_Data to use_.
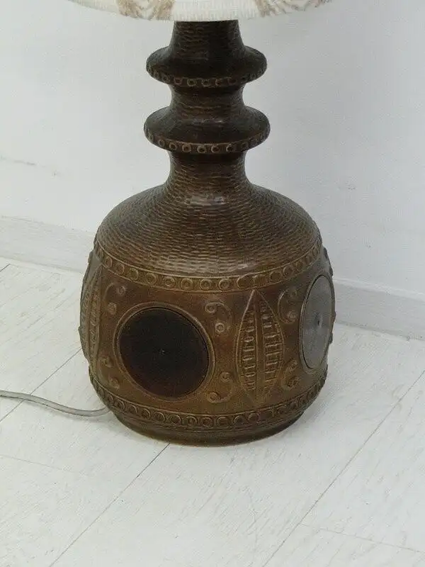 Eine wunderschöne 60er Jahre Stehlampe herrliches Design, schöner, großer Lampenschirm, Verkabelung funktionstüchtig - jedoch keine Gewähr, da wir nicht sagen können, ob sie der geltenden NORM entspricht, exkl. Leuchtmittel. \n\nMaße: ca. 33 cm breit ca. 141 cm hoch \n\nArtikelnummer: 5368D
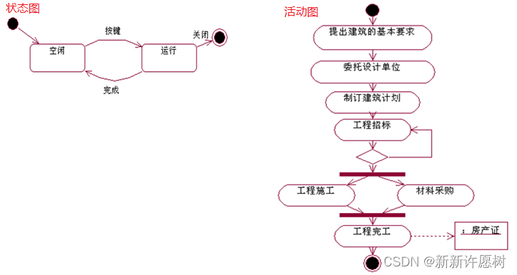 两者最大的区别是:状态图侧重于描述行为的结果,而活动图侧重描述行为的动作。其次活动图可描述并发行为,而状态图不能。
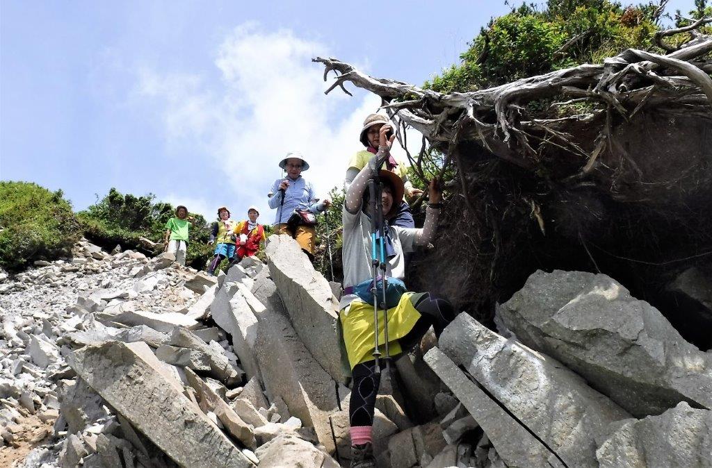 上宝珠手前の崩落個所は毎年形状を変えており、今後の通行が危ぶまれる。ユートピア小屋付近で昼食。
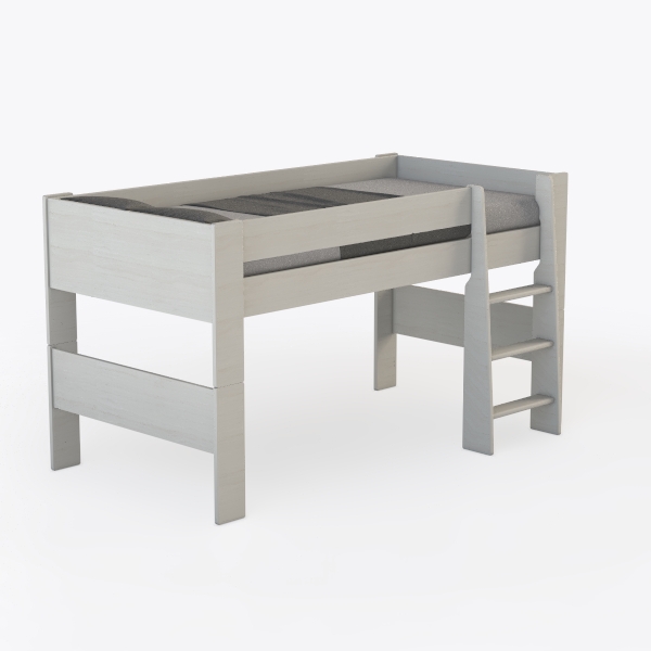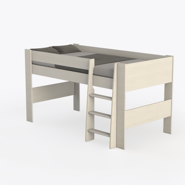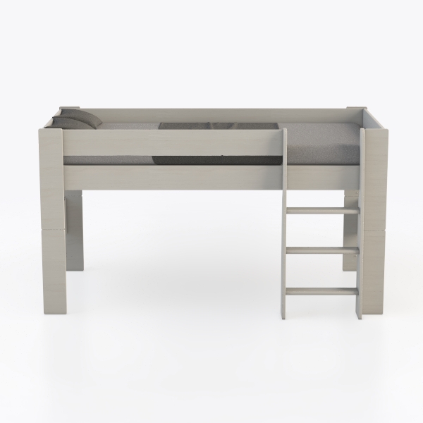 Inspired by space-saving design and minimalist aesthetics, this elevated bed blends functionality with calm charm. Crafted with smooth, light-toned wood, its clean lines and matte finish create a serene, airy feel. Perfect for compact children’s rooms or small bedrooms, ideal for modern, Scandinavian, or minimalistic styles. The raised base frees floor space for desks or storage, while the sturdy ladder ensures easy access to the cozy, gray upholstered bed.
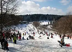 In 2016, massive cutting of trees in the park occurred, one of the largest in the mountain's recorded history. Over 10 ha (25 acres) of forest have been cut. Park administration then stated that an autochthonous species of oak will be planted instead. However, they never planted anything and in the future years a thicket of the remaining black locust high shrubs grew instead. The administration, nevertheless, claims that the oaks have been planted. In the spring of 2019, aggressive cutting continued. Apparently indiscriminate cutting, without proper notifications what is being cut and by whom, destroyed hiking paths and orienteering marks. Also, the cutting sections of the forest weren't properly secured and some were completely wrong: beech trees have been cut even though the table stated that oak trees are being cut. According to the environmentalists, regular visitors and recreational athletes, the cutting was never so massive.[6][7][8]
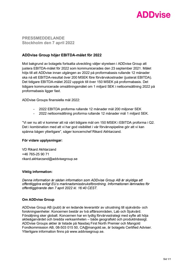 Mot bakgrund av bolagets fortsatta utveckling väljer styrelsen i ADDvise Group att justera EBITDA-målet för 2022 som kommunicerades den 23 september 2021. Målet höjs till att ADDvise innan utgången av 2022 på proformabasis rullande 12 månader ska nå ett EBITDA-resultat över 200 MSEK före förvärvskostnader (justerat EBITDA). Det tidigare EBITDA-målet 2022 uppgick till över 150 MSEK på proformabasis. Det tidigare kommunicerade omsättningsmålet om 1 miljard SEK i nettoomsättning 2022 på proformabasis ligger fast.
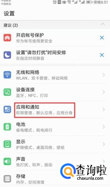 弹出的界面,我们点击应用和通知;

_Activity_.
If a picture appears in the data, omit it; transcribe all the rest exactly.

_Answer below_.
 Eine wunderschöne 60er Jahre Stehlampe herrliches Design, schöner, großer Lampenschirm, Verkabelung funktionstüchtig - jedoch keine Gewähr, da wir nicht sagen können, ob sie der geltenden NORM entspricht, exkl. Leuchtmittel. \n\nMaße: ca. 33 cm breit ca. 141 cm hoch \n\nArtikelnummer: 5368D
 两者最大的区别是:状态图侧重于描述行为的结果,而活动图侧重描述行为的动作。其次活动图可描述并发行为,而状态图不能。
 上宝珠手前の崩落個所は毎年形状を変えており、今後の通行が危ぶまれる。ユートピア小屋付近で昼食。
 Inspired by space-saving design and minimalist aesthetics, this elevated bed blends functionality with calm charm. Crafted with smooth, light-toned wood, its clean lines and matte finish create a serene, airy feel. Perfect for compact children’s rooms or small bedrooms, ideal for modern, Scandinavian, or minimalistic styles. The raised base frees floor space for desks or storage, while the sturdy ladder ensures easy access to the cozy, gray upholstered bed.
 In 2016, massive cutting of trees in the park occurred, one of the largest in the mountain's recorded history. Over 10 ha (25 acres) of forest have been cut. Park administration then stated that an autochthonous species of oak will be planted instead. However, they never planted anything and in the future years a thicket of the remaining black locust high shrubs grew instead. The administration, nevertheless, claims that the oaks have been planted. In the spring of 2019, aggressive cutting continued. Apparently indiscriminate cutting, without proper notifications what is being cut and by whom, destroyed hiking paths and orienteering marks. Also, the cutting sections of the forest weren't properly secured and some were completely wrong: beech trees have been cut even though the table stated that oak trees are being cut. According to the environmentalists, regular visitors and recreational athletes, the cutting was never so massive.[6][7][8]
 Mot bakgrund av bolagets fortsatta utveckling väljer styrelsen i ADDvise Group att justera EBITDA-målet för 2022 som kommunicerades den 23 september 2021. Målet höjs till att ADDvise innan utgången av 2022 på proformabasis rullande 12 månader ska nå ett EBITDA-resultat över 200 MSEK före förvärvskostnader (justerat EBITDA). Det tidigare EBITDA-målet 2022 uppgick till över 150 MSEK på proformabasis. Det tidigare kommunicerade omsättningsmålet om 1 miljard SEK i nettoomsättning 2022 på proformabasis ligger fast.
 弹出的界面,我们点击应用和通知;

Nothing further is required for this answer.